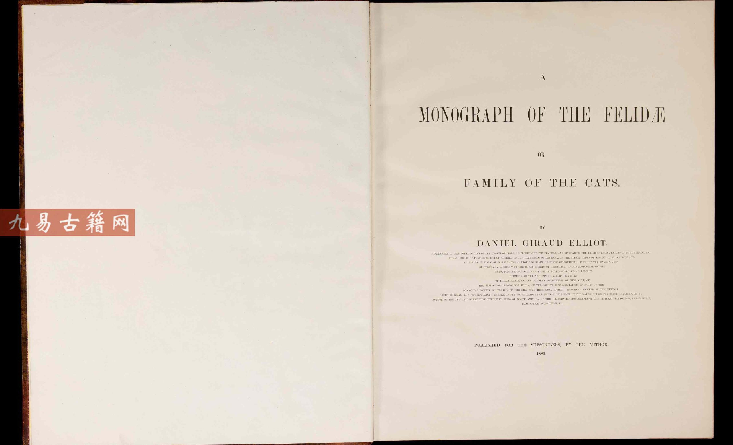 猫科动物图鉴.A monograph of the Felidae or family of the cats.By Daniel Giraud Elliot.英文版.1883年.pdf,89页,英文电子版。
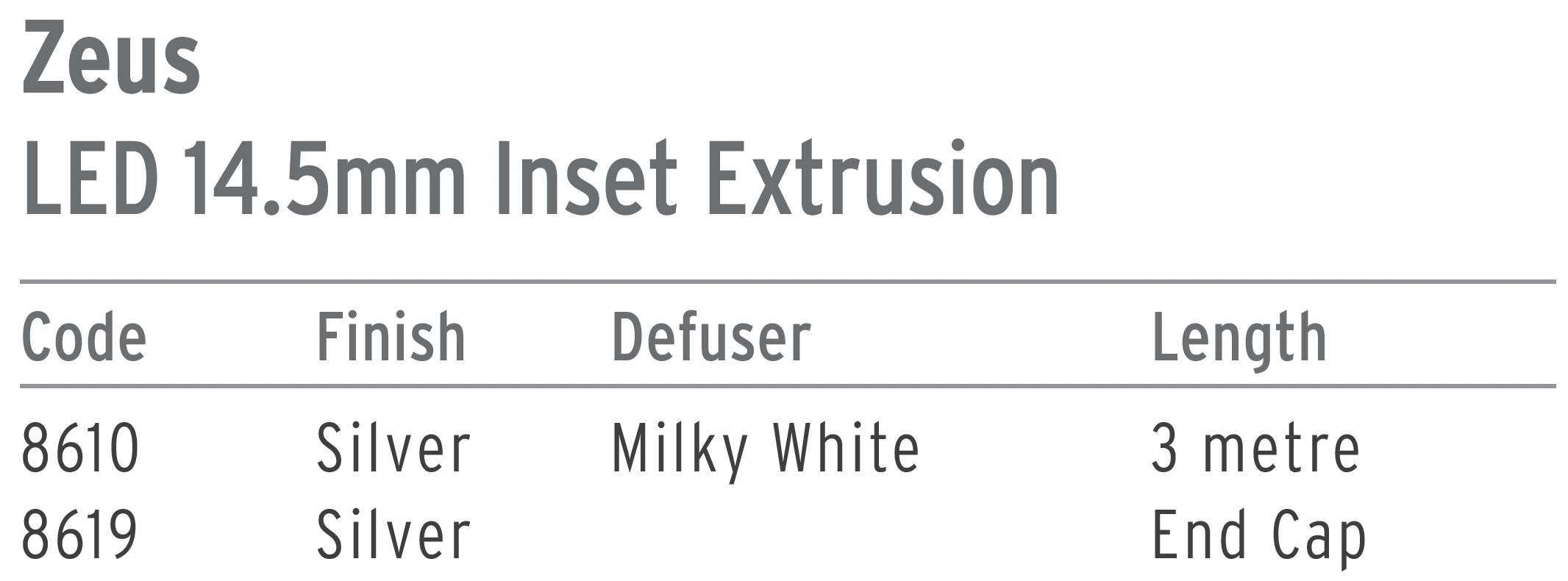 Zeus LED Inset Extrusion 7.5 & 14.5mm
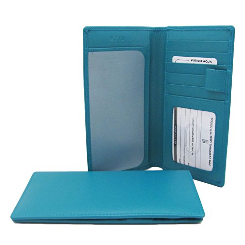 ili RFID Leather Checkbook with Pen Holder (Aqua)
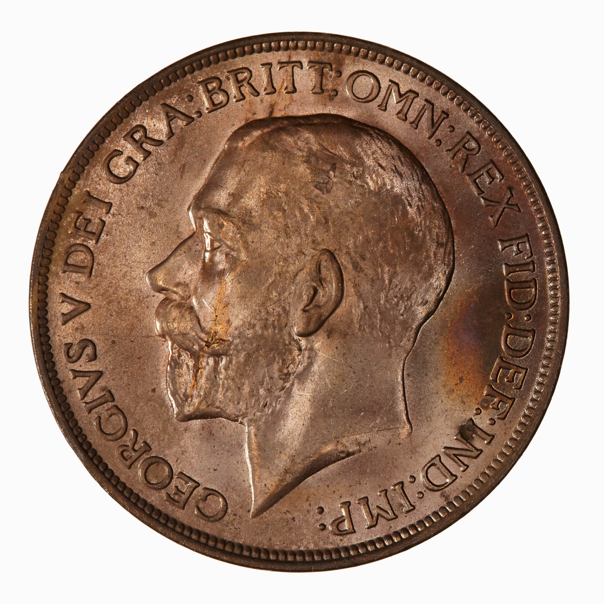 Bare head of the King facing left; below on neck truncation in small letters, B.M. (Bertram MacKennal); around, GEORGIVS V DEI GRA: BRITT: OMN: REX FID: DEF: IND: IMP:
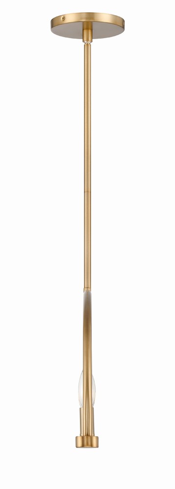 The Abbott linear chandelier presents a simple, streamlined shape and clean lines. The open-concept frame features a metal arch and a sleek, narrow rod with a series of thin bulbs. Mounted above an island or over a dining room table, this fixture appeals to a minimalist sense of style. The Abbott comes in vibrant gold and black finish.
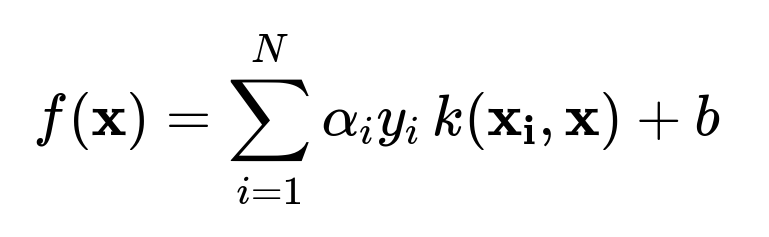 Here, (N) is the number of training examples, (\alpha_i) are the learned Lagrange multipliers, (y_i \in {-1, +1}) are the class labels, and (k(\mathbf{x_i}, \mathbf{x})) is the kernel function.
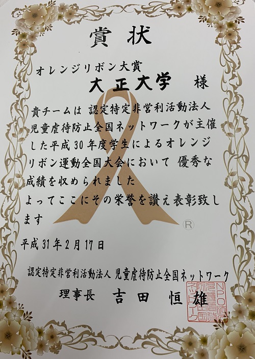 2019年2月17日(日)、国立オリンピック記念青少年センターで開催された「学生による子ども虐待防止オレンジリボン運動の全国大会」(認定NPO 法人 児童虐待防止全国ネットワーク主催)において、社会福祉学科2年生が2018年度の「オレンジリボン運動」の活動を報告し、「オレンジリボン大賞」を受賞しました。
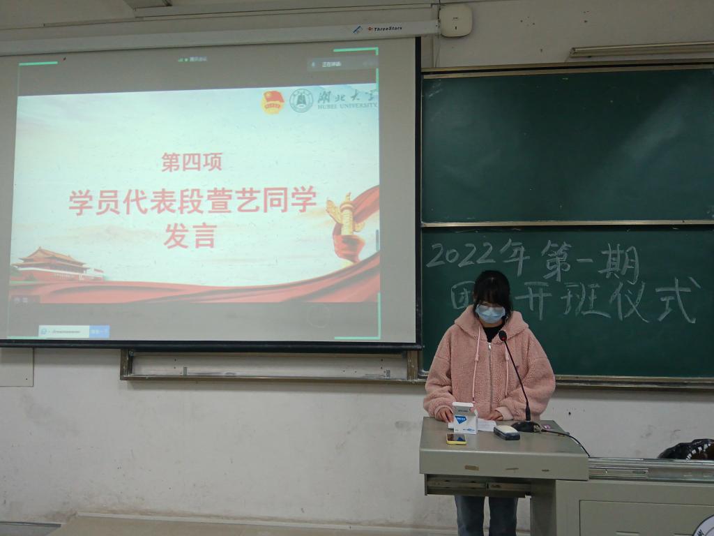 学员代表、2021级中国语言文学类专业段萱艺同学发言。她说,团校是锻炼意志,提高思想觉悟的课堂,她很幸运能在建团百年之际进入团校学习。大家应志向高远,时刻鞭策自己,磨练自己,坚定信念,用正确的理念武装头脑。
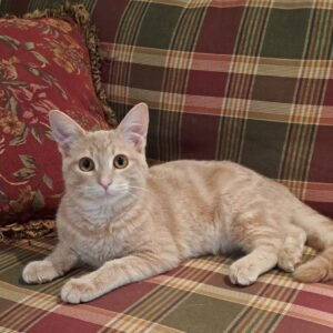 Tofu is a handsome boy with a big heart who just wants to be loved. Once he feels safe with you, he shows his softer side—rolling over for belly rubs and even reaching a paw through his enclosure for a little extra affection. He’s also full of playful energy and especially loves chasing after string wands. Tofu is the kind of cat who brings both fun and affection to his people. He’s eager to find a forever family who will cherish him and keep him safely indoors, where he belongs.
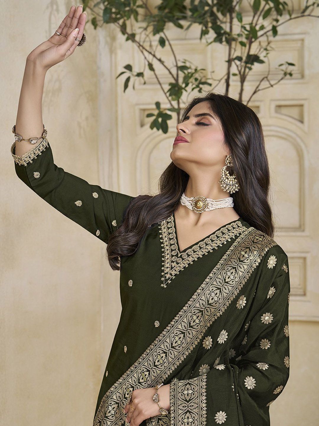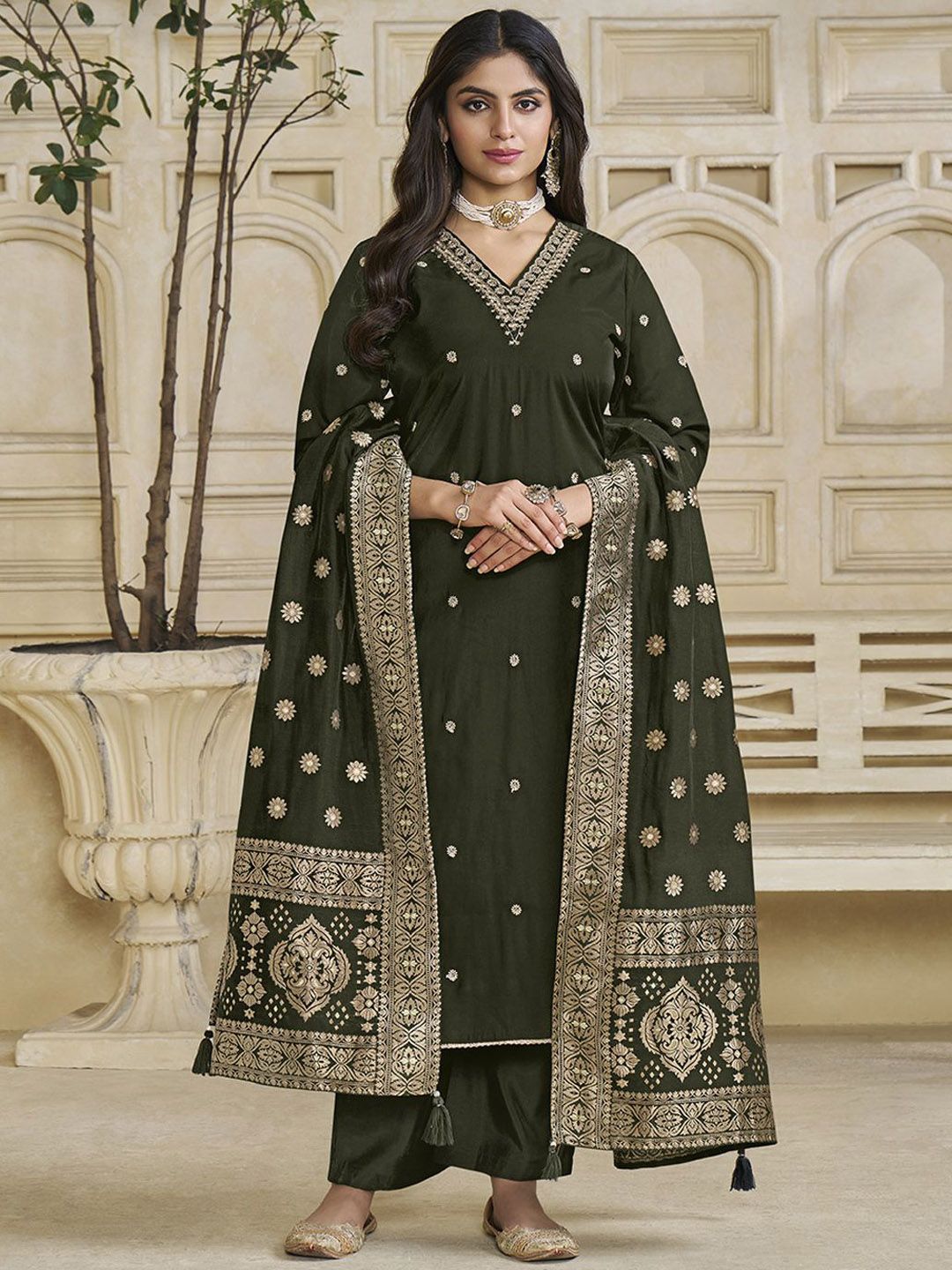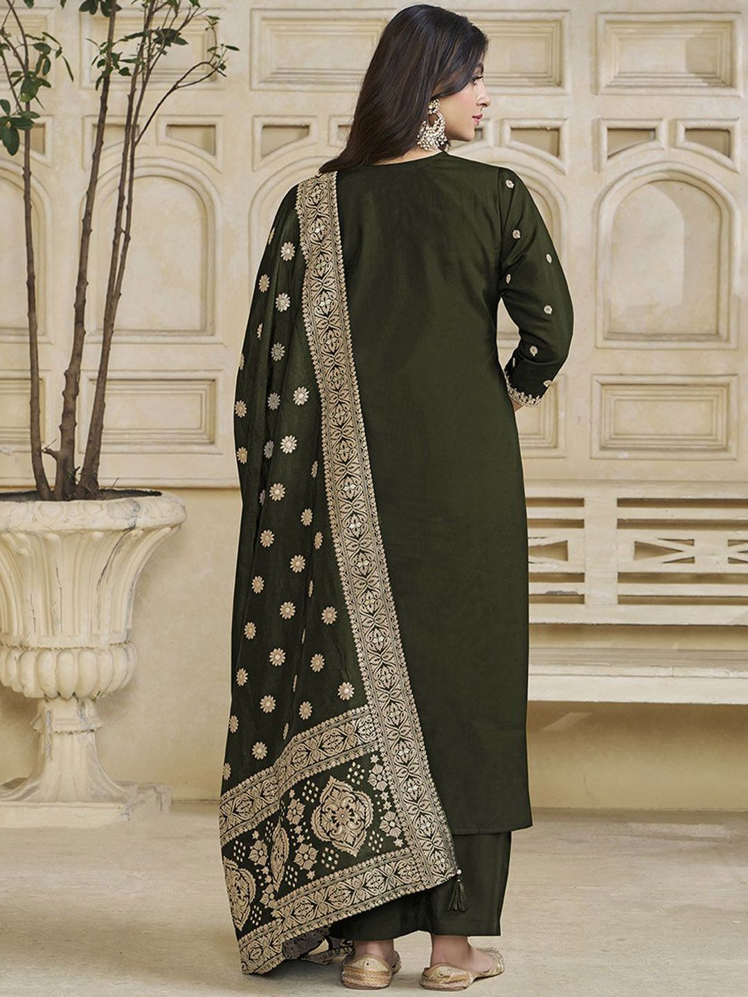 Label Khoj Women Roman Silk Embroidery Work Mehndi Color Kurta & Bottom With Dupatta Set
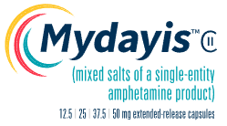 Mydayis is a mixed amphetamine salt, available in once-a-day doses of 12.5, 25.0, 37.5 and 30 mg capsules. The medication takes effect within 2 to 4 hours. The effects last up to 18 hours.
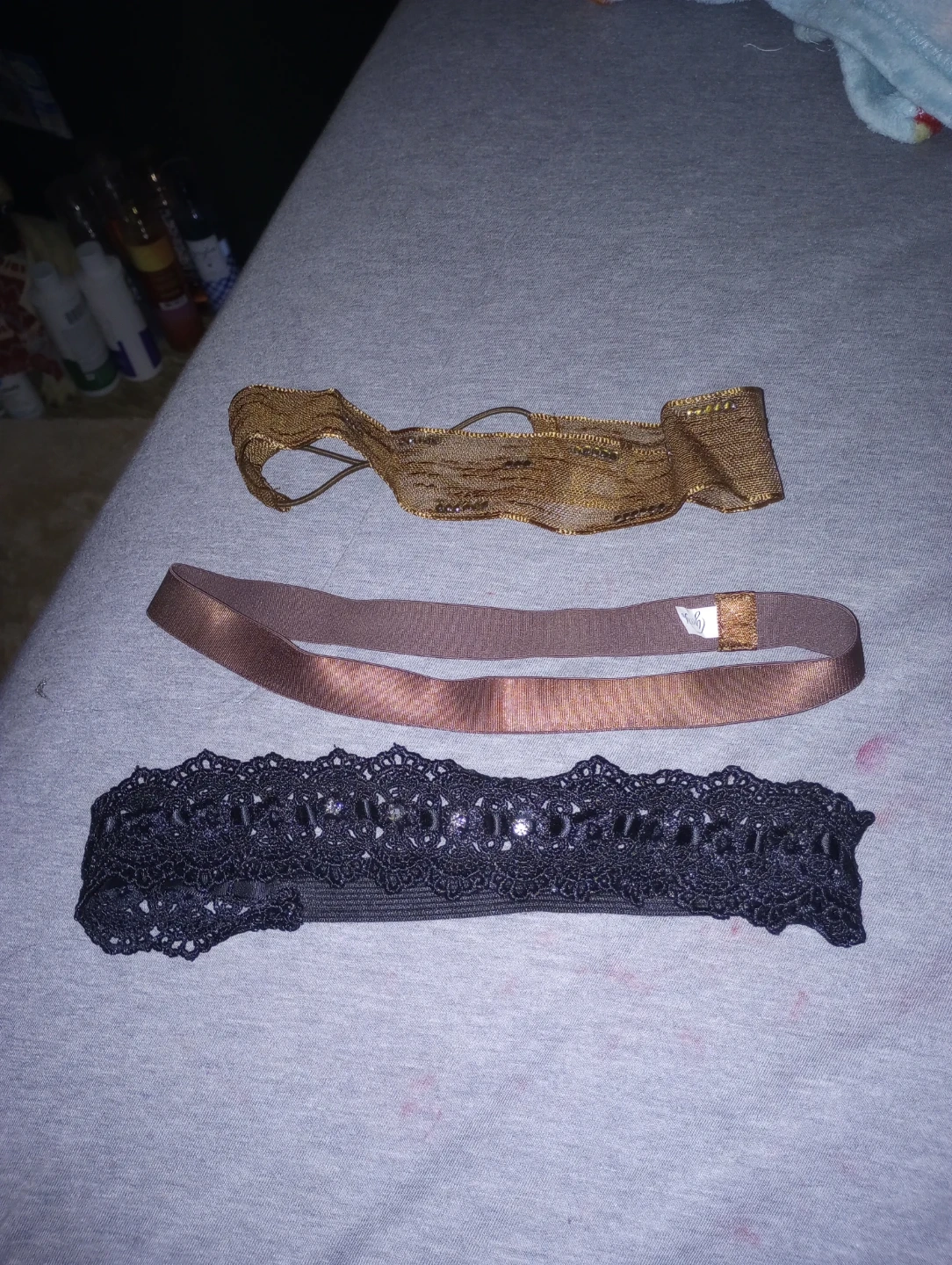 This set includes three headbands: one gold mesh, one rose gold metallic band, and one black lace band with embellishments. Great for accessorizing any outfit!
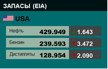 Запасы дистиллятов упали на -2.09 до 128.954 млн. баррелей.

+--

▶ _Work request_:
Using the material above, set down every line exactly, but skip the pictures.

▶ _Written reply_:
 猫科动物图鉴.A monograph of the Felidae or family of the cats.By Daniel Giraud Elliot.英文版.1883年.pdf,89页,英文电子版。
 Zeus LED Inset Extrusion 7.5 & 14.5mm
 ili RFID Leather Checkbook with Pen Holder (Aqua)
 Bare head of the King facing left; below on neck truncation in small letters, B.M. (Bertram MacKennal); around, GEORGIVS V DEI GRA: BRITT: OMN: REX FID: DEF: IND: IMP:
 The Abbott linear chandelier presents a simple, streamlined shape and clean lines. The open-concept frame features a metal arch and a sleek, narrow rod with a series of thin bulbs. Mounted above an island or over a dining room table, this fixture appeals to a minimalist sense of style. The Abbott comes in vibrant gold and black finish.
 Here, (N) is the number of training examples, (\alpha_i) are the learned Lagrange multipliers, (y_i \in {-1, +1}) are the class labels, and (k(\mathbf{x_i}, \mathbf{x})) is the kernel function.
 2019年2月17日(日)、国立オリンピック記念青少年センターで開催された「学生による子ども虐待防止オレンジリボン運動の全国大会」(認定NPO 法人 児童虐待防止全国ネットワーク主催)において、社会福祉学科2年生が2018年度の「オレンジリボン運動」の活動を報告し、「オレンジリボン大賞」を受賞しました。
 学员代表、2021级中国语言文学类专业段萱艺同学发言。她说,团校是锻炼意志,提高思想觉悟的课堂,她很幸运能在建团百年之际进入团校学习。大家应志向高远,时刻鞭策自己,磨练自己,坚定信念,用正确的理念武装头脑。
 Tofu is a handsome boy with a big heart who just wants to be loved. Once he feels safe with you, he shows his softer side—rolling over for belly rubs and even reaching a paw through his enclosure for a little extra affection. He’s also full of playful energy and especially loves chasing after string wands. Tofu is the kind of cat who brings both fun and affection to his people. He’s eager to find a forever family who will cherish him and keep him safely indoors, where he belongs.
 Label Khoj Women Roman Silk Embroidery Work Mehndi Color Kurta & Bottom With Dupatta Set
 Mydayis is a mixed amphetamine salt, available in once-a-day doses of 12.5, 25.0, 37.5 and 30 mg capsules. The medication takes effect within 2 to 4 hours. The effects last up to 18 hours.
 This set includes three headbands: one gold mesh, one rose gold metallic band, and one black lace band with embellishments. Great for accessorizing any outfit!
 Запасы дистиллятов упали на -2.09 до 128.954 млн. баррелей.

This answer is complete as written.